Gratia Hupp recalled her parents' murder and said that her only sorrow
was that the handgun she could have used to save them was a 100 yards away
in her car, instead of in her purse, when she needed it.
Does Gratia Hupp
harbor any contempt or hatred for George Hennard, the gunman who killed her
parents? No, she told the crowd. "You don't get mad at a rabid dog; you
shoot it." To Gratia Hupp, the calls by the Million Mom March organizers for
mandatory gun registration are just a precursor to outright confiscation, a
first tile in what would surely result in a domino effect. "I will not
register my gun," she told the crowd to huge applause.
When asked by Salon how she felt about the demand of the moms on the other
side of the National Mall for mandatory child safety locks on guns, Gratia
Hupp said, "Kids jump in buckets every day and drown -- why don't we put lid
locks on them?" She also noted that "a large number of kids are killed by
dressers falling on them," but offered no statistics to back up the
statement. She also said, "More kids are killed accidentally in cars. Why
don't we put helmets on kids in cars?" When the reporter reminded Gratia
Hupp that many states have enacted tough seat belt laws to reduce the death
toll from automobile accidents, she got angry and, in a thick "Don't mess
with Texas" accent, offered, "I'm not even gonna go down that road with
you."
Judicial Watch's Klayman provided a different take on protective armor: "If
the president wants a trigger lock, have him install it on his zipper,"

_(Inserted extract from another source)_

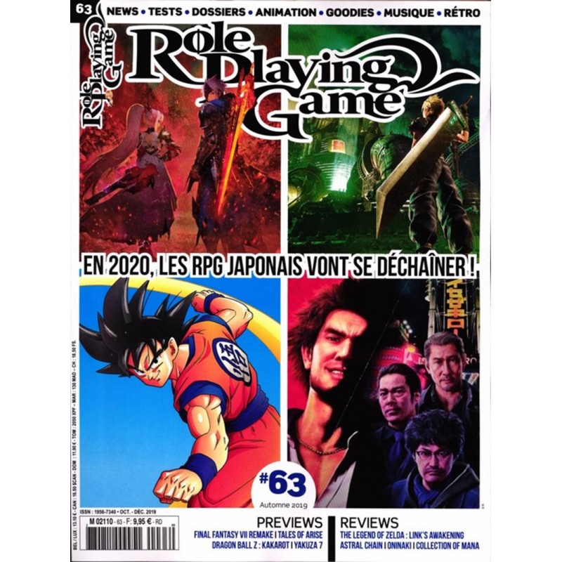 Le numéro 63 du magazine Role Playing Game (octobre – décembre 2019) propose un dossier central consacré aux RPG japonais à paraître en 2020. Cette édition met en avant les grandes sorties attendues et analyse les tendances du jeu de rôle vidéoludique nippon.

Klayman said from the stage. Evoking more illustrious times for his
organization, Klayman also suggested that "Juanita Broaddrick wouldn't have
been raped if she had had a gun."
As at the Million Mom March, where speeches were heavy with statistics, the
speakers at the Second Amendment Sisters event event offered a few of their
own:
crime from happening.
But the agitating tone of the counterprotest was best illustrated by the
participants themselves. During the march, a woman, sign in one hand,
Pampers in the other, said to another, "Let's go piss off the mothers."
They probably did annoy a few, but the media seemed more interested in the
Second Amendment Sisters than did the crowd gathered on the Mall.